The namespace of the proposed ontology is missing and the actual description logic used for the formal grounding of the ontology is not stated. This would be particularly important to understand the mathematical constructors utilized in the formalism, which, along with the computational properties of the proposed SWRL rules, would indicate overall reasoning complexity.
Without the ontology file, the proposed ontology cannot be evaluated at all, and cannot be implemented to verify the claims of the paper. It is not clear why sameObject is defined instead of using the standard owl:sameAs as part of the descriptions, which should be justified.
While spatiotemporal object relations are declared (such as for overlapping objects), alignment with the Allen relations and de facto standard vocabularies that define these and related relations, such as OWL-Time and the SWRL Temporal Ontology, are not explained (they are not even mentioned). Related KOSes, such as the Video Structure Ontology and the Video Ontology, are not considered.
For comparing two identical (moving or stationary) objects, the same shape and size are set as prerequisites in the paper, even though there are feature descriptors that are scale- and/or rotation-invariant, such as the Histogram of Oriented Gradients (HOG), Rotation-Invariant Histogram of Oriented Gradients (RIHOG), and Ordinal Pyramid Coding (OPC), which would allow these to be different.
Isn’t “developing an ontology that represents an object along with its position in every frame” overly resource-intensive? How does the proposed approach perform in (near) real-time applications? Is the frame-by-frame semantic description actually the most optimal for car park videos?
In line 6 of figure 4, only a symbolic URL is used. Why isn’t the actual URL provided?

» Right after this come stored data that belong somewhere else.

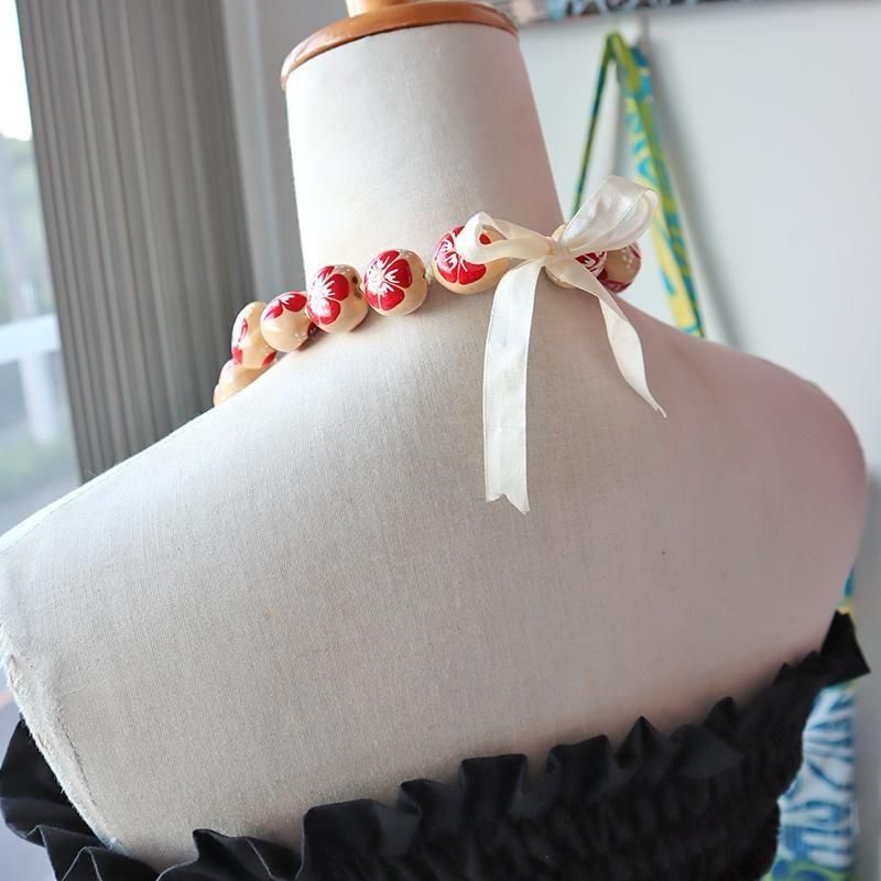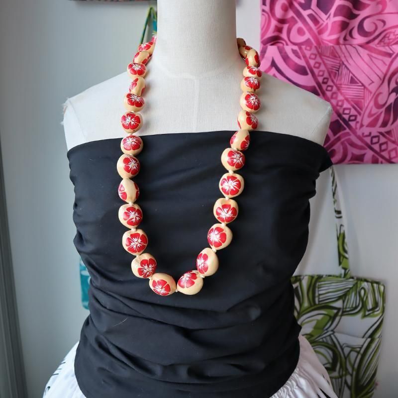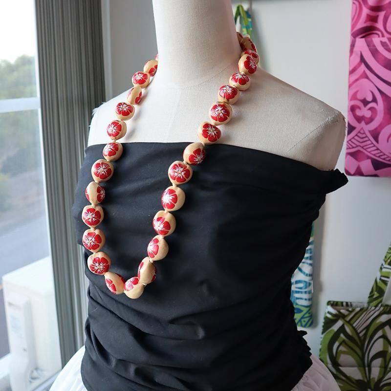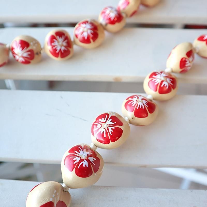 Pink Lei ククイネックレス ホワイト&レッド/ハイビスカス柄【1点もの】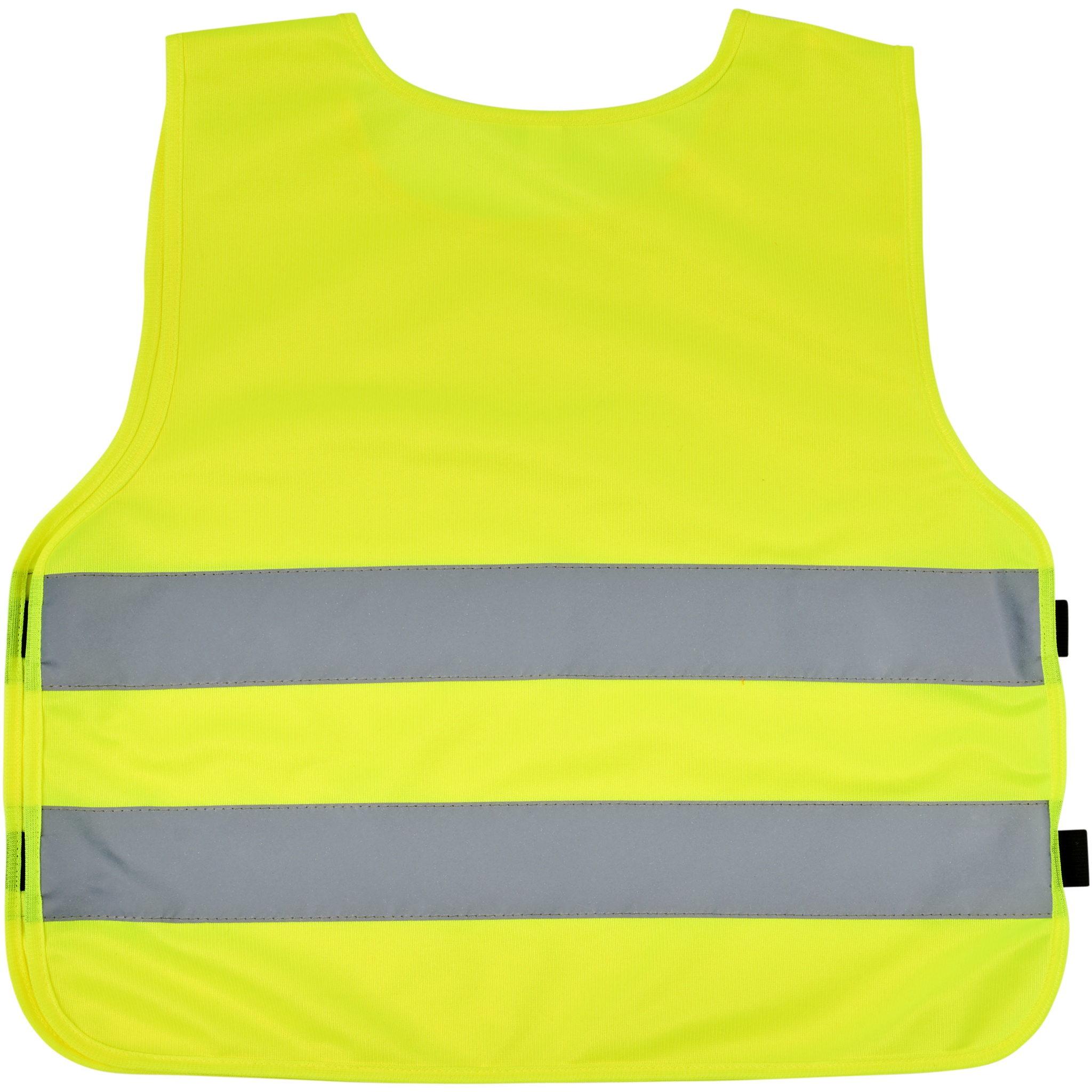 High visibility vest in XS size suitable for kids age 7-12 years with a height between 104-121 cm. Large decoration area on the front and on the back of the vest. On the shoulder and the bottom elastic bands there are hook & loop closures, that offers extra safety and makes the vest easy to put on. The elastic bands on the other side makes it stretchable allowing easy wearing on thick coats. The vest is tested and certified under regularions EN 1150:1999. It also adheres to the PPE guidelines on application of Regulation (EU) 2016/425 Personal Protective Equipment Category II.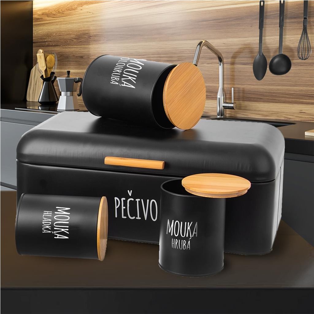 Tato kovová dóza s bambusovým těsnícím víčkem je ideální pro uložení celého balení sypkých potravin, jako je například mouka, sůl, cukr nebo káva. Díky modernímu a praktickému designu v kulatém černém provedení s českým bílým nápisem se stane ozdobou každé kuchyně. Bambusové víko s těsnícím silikonovým kroužkem zajišťuje, že potraviny zůstanou déle čerstvé a chráněné před vlhkostí. Dóza nejen zkrášlí vaši kuchyňskou linku, ale také přispěje k organizaci a udržení pořádku na kuchyňské lince i ve skříňkách.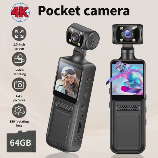 Capture every moment in stunning detail with this 4K handheld stabilizer pocket sports camera. Featuring a 180° rotating lens and a crisp 1.3-inch screen, it allows flexible framing and easy monitoring of your shots. Its portable, rechargeable design makes it ideal for on-the-go action shooting and vlogging, delivering smooth, high-definition footage wherever you are. Perfectly suited for outdoor adventures and dynamic filming, this camera combines advanced stabilization with compact convenience to elevate your video quality.

“Text from the video is extracted and then converted to Resource Description Framework (RDF) using semantic web technologies and NLP.” - What about semantic enrichment? How are namespaces defined for the terms used in the description?
There are several wording issues in the paper. For example, “to reach the human-level perception for various scenarios” is an exaggeration. “LSCOM, SROIQ which are not completely based on description logic.” is a stranded sentence that does not make sense. Some further issues include the following:
“and linked with domain knowledge to acquire human-level perception” → “and linked with domain knowledge to acquire interpretation capabilities with software agents”

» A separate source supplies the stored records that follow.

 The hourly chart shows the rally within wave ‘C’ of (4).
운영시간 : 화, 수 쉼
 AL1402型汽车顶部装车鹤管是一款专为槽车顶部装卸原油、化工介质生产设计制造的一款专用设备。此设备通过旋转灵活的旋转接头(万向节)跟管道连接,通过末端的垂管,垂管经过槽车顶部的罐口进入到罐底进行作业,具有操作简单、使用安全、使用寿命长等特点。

“Complex events, which are rare in nature, are hard to train” → “Those complex events that are rare are hard to train”
“and require massive computational capabilities” → “and massive computational capability requirements”
“can be used to reason spatial and temporal reasoning” → “can be used to perform spatial and temporal reasoning”
There are grammatical errors and typos throughout the manuscript, which should be corrected, for example, the following:
In Table 2, “May be” should be “Potentially”
“in a video scenes” → “in video scenes”
“in generation of” → “in the generation of”
“a description logic based knowledge representations, can be used for” → “a description logic-based knowledge representation, which can be used for”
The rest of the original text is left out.